[Task material Boundary: Start]

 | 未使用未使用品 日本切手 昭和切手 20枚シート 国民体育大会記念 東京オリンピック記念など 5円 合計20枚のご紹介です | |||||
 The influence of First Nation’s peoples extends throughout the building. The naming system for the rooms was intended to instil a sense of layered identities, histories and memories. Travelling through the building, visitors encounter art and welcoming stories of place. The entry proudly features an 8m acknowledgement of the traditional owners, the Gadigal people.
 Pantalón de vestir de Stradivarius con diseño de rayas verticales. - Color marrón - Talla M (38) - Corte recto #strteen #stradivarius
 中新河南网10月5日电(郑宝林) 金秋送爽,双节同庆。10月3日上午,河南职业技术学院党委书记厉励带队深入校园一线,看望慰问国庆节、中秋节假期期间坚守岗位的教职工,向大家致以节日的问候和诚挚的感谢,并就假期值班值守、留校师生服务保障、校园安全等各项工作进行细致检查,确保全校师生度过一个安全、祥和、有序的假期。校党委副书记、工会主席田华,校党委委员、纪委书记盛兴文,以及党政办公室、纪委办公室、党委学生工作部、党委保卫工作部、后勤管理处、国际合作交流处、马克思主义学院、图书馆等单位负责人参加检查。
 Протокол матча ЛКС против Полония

[Task material Boundary: End]
[Task material Boundary: Start]

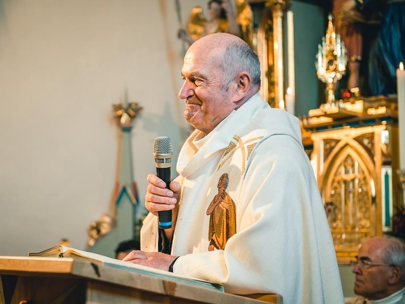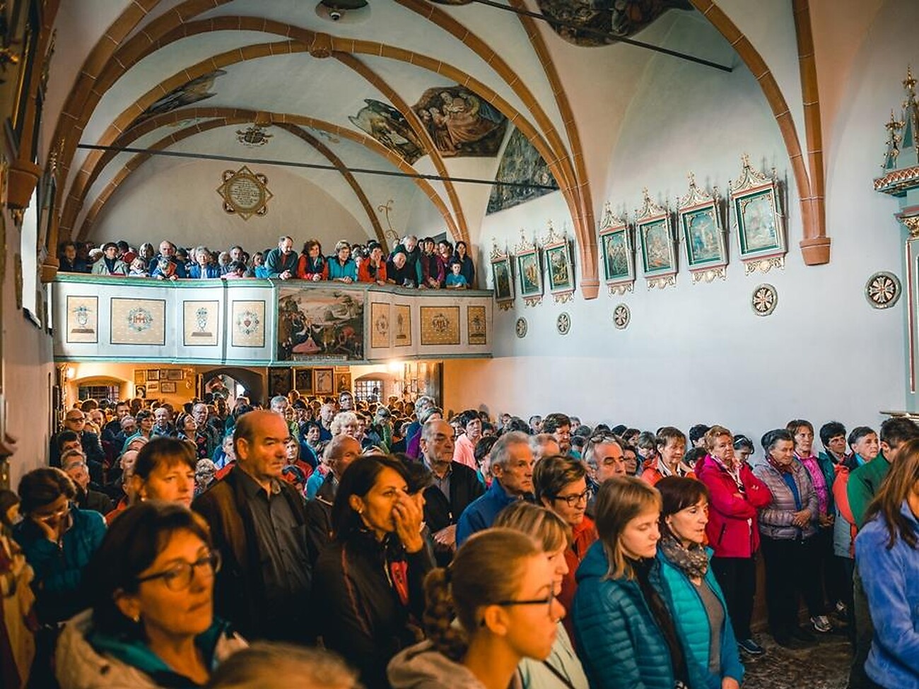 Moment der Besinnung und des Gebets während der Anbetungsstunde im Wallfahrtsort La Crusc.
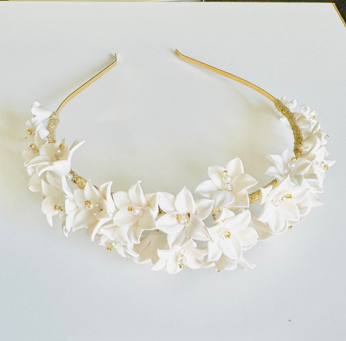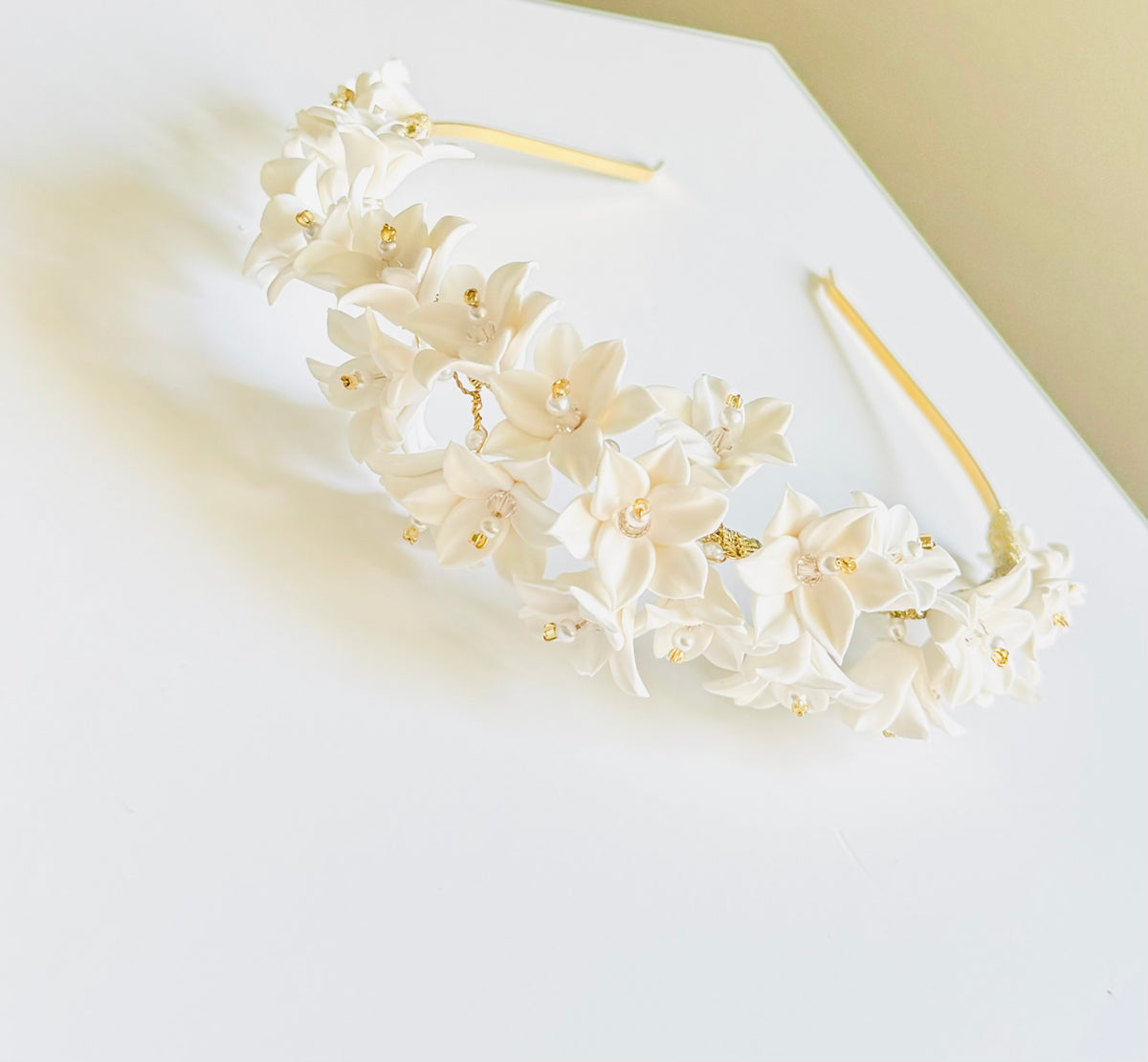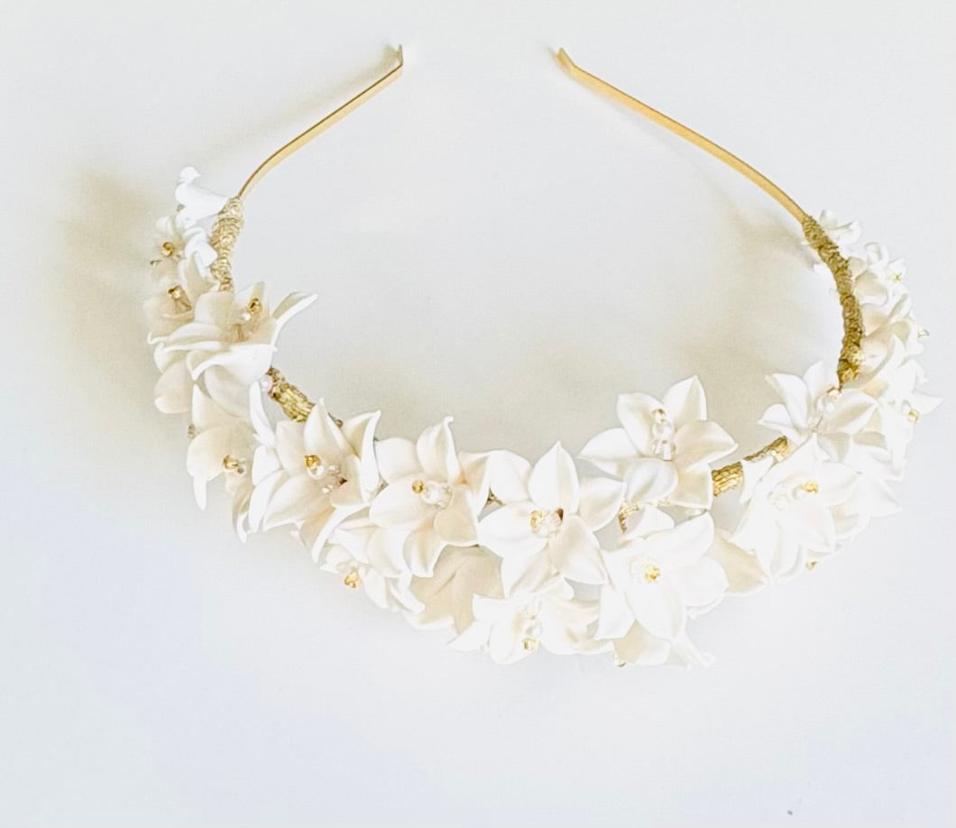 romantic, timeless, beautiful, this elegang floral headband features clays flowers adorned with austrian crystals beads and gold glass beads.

[Task material Boundary: End]

Work to be completed
For this exercise, repeat exactly the lines of the data above from the one with "合計20枚のご紹介です | |||||" down to the one with "Протокол матча ЛКС против Полония", both end lines included.

Task response
 | 未使用未使用品 日本切手 昭和切手 20枚シート 国民体育大会記念 東京オリンピック記念など 5円 合計20枚のご紹介です | |||||
 The influence of First Nation’s peoples extends throughout the building. The naming system for the rooms was intended to instil a sense of layered identities, histories and memories. Travelling through the building, visitors encounter art and welcoming stories of place. The entry proudly features an 8m acknowledgement of the traditional owners, the Gadigal people.
 Pantalón de vestir de Stradivarius con diseño de rayas verticales. - Color marrón - Talla M (38) - Corte recto #strteen #stradivarius
 中新河南网10月5日电(郑宝林) 金秋送爽,双节同庆。10月3日上午,河南职业技术学院党委书记厉励带队深入校园一线,看望慰问国庆节、中秋节假期期间坚守岗位的教职工,向大家致以节日的问候和诚挚的感谢,并就假期值班值守、留校师生服务保障、校园安全等各项工作进行细致检查,确保全校师生度过一个安全、祥和、有序的假期。校党委副书记、工会主席田华,校党委委员、纪委书记盛兴文,以及党政办公室、纪委办公室、党委学生工作部、党委保卫工作部、后勤管理处、国际合作交流处、马克思主义学院、图书馆等单位负责人参加检查。
 Протокол матча ЛКС против Полония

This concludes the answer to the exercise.